Santo Inácio Mártir (bispo de Antioquia, séc. II d.C.) partilha o resultado de sua intensa experiência vocacional-amorosa: “Que nada visível ou invisível me impeça de encontrar Jesus Cristo. Fogo e cruz (….) venham sobre mim, contanto que encontre a Jesus Cristo.” (Carta aos romanos, cap. 5). Quem ama intensamente, não tem olhos para mais nada. Assim refletia há algumas semanas o Superior Geral dos frades inacianos numa conferência sobre as novas vocações.

Pois bem, para se fazer ouvir, a Voz do Amor se vale de várias mediações: família, testemunhos, exemplos, sensações, tristezas, alegrias. A Pastoral Vocacional esforça-se na reflexão ou na acolhida simples dessas mediações para que as pessoas ouçam a Voz.

Hoje as exigências são grandes. É preciso ajudar os jovens a perceber a multiplicidade de propostas que a Voz do Amor faz.

6 questões reflexivas para auxiliá-lo nos encontros vocacionais

  1. O que um jovem pensa hoje sobre “ser marido ou esposa” de alguém?
  2. É estranho querer permanecer solteiro hoje?
  3. O que um jovem tem que abandonar hoje para ser padre?
  4. Que trabalhos uma freira pode realizar hoje?
  5. O que é um frade?
  6. Os casais, os leigos missionários, os jovens inseridos, os operários, todos esses podem também se consagrar?

Sem dúvida, as perguntas hoje aumentaram e são muito mais complexas do que há quinze anos.
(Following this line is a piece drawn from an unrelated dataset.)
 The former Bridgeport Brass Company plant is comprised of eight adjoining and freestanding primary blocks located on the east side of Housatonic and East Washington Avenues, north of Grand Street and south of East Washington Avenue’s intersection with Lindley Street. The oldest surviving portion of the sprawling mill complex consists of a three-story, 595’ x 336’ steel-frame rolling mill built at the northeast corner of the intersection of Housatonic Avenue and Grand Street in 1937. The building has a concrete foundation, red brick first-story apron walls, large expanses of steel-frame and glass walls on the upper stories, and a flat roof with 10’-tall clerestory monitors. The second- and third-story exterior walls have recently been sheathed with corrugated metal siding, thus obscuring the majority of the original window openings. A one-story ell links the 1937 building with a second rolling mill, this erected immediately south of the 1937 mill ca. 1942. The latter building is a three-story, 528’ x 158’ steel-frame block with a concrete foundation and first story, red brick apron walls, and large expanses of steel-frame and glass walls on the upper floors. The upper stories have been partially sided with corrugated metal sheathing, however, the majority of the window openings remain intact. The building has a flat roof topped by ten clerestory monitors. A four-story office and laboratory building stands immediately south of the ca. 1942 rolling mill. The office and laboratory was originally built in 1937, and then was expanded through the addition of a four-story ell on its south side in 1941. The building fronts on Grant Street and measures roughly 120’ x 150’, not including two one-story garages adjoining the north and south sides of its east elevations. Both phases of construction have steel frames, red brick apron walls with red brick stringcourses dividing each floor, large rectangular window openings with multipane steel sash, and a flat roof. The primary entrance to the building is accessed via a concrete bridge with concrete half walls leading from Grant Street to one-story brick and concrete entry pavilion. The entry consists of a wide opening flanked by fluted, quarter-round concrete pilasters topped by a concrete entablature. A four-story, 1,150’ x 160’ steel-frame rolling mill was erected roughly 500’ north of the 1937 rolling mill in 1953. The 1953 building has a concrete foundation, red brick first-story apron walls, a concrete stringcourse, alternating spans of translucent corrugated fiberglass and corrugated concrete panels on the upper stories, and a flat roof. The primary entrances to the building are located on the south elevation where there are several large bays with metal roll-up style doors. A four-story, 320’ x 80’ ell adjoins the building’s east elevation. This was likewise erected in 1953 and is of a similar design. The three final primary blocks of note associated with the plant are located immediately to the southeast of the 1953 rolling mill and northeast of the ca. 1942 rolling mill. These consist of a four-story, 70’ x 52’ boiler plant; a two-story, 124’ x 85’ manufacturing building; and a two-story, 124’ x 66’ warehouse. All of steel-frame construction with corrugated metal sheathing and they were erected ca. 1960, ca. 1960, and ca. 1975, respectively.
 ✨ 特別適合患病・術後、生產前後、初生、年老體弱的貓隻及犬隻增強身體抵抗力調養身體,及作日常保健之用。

Mas também as respostas que o Espírito de Deus suscita no seio da Igreja são mais numerosas e multiformes.

A Pastoral da “Voz Amorosa” se vê então desafiada e motivada na escuta e nas respostas generosas ao chamado do Senhor, seja em que direção forem os passos de quem responde. Por outro lado, os agentes dessa Pastoral têm que ir lá onde se ouviu a voz para cooperar com o ouvinte no seu discernimento. Palpites podem ser prejudiciais. É preciso colocar-se junto da vocacionada e do vocacionado, ajudando-o a ouvir melhor.

É certo que nem todos têm disponibilidade ou são capazes de colaborar como agentes da Pastoral Vocacional. Mas, ouvir a Voz do Senhor é algo inerente à missão de seguir Jesus Cristo. Quem quer ser feliz, precisa ouvir essa Voz e ser porta-voz dela. Motivemos nossos jovens de que não é preciso ter medo de perder nada, mas estejamos dispostos a um encontro intenso de amor que vai plenificar a vida.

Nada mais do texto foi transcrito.